Brazilian model (born 1988)

Yasmin Brunet Fernandez (born 6 June 1988), is a Brazilian model, actress and businesswoman.

== Biography ==
Brunet was born in the neighborhood of Gávea, in the city of Rio de Janeiro, Brazil. Her father, Armando Fernandez, is an Argentine businessman and her mother, Luíza Brunet, is a Brazilian model. She owns a home in Ipanema.

== Filmography ==
=== Television ===

| Year | Title | Role | Notes |
|---|---|---|---|
| 2015 | Verdades Secretas | Stephanie Prates | Season 1, recurring |
| 2024 | Big Brother Brasil | Herself (Housemate) | Season 24 |

==Personal life==

In July 2012, after about 7 years of dating, she married Brazilian model Evandro Soldati.

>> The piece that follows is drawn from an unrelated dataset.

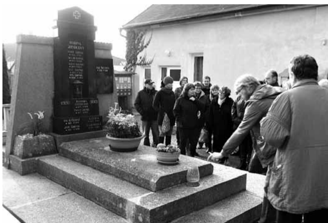
Zastávka u hrobky rodiny Grindlových.

Na sobotu 24. října připravili pracovníci Muzea města Mnichovo Hradiště procházku po místním hřbitově s názvem Významní zesnulí. Jak název napovídá, smyslem bylo uctít památku těch osobností, které v našem městě žily a pracovaly, pro město a jeho obyvatele mnohé vykonaly, a přesto o nich většina našich současníků mnoho neví.

They divorced in early 2020. In 2020, Brunet married professional surfer Gabriel Medina. They divorced in January 2022.

Brunet is an advocate for animal rights and is also committed to raising awareness about environmentalism, banned substances and humanitarian causes. In May 2016, she revealed to be vegetarian for more than 7 years.

In January 2024, it was announced she is a contestant in the reality show Big Brother Brasil 24. She was the 12th evicted with 80.76% of the votes in an eviction against physical education teacher Lucas Henrique Ferreira and dancer & digital influencer Isabelle Nogueira, finishing in thirteenth place.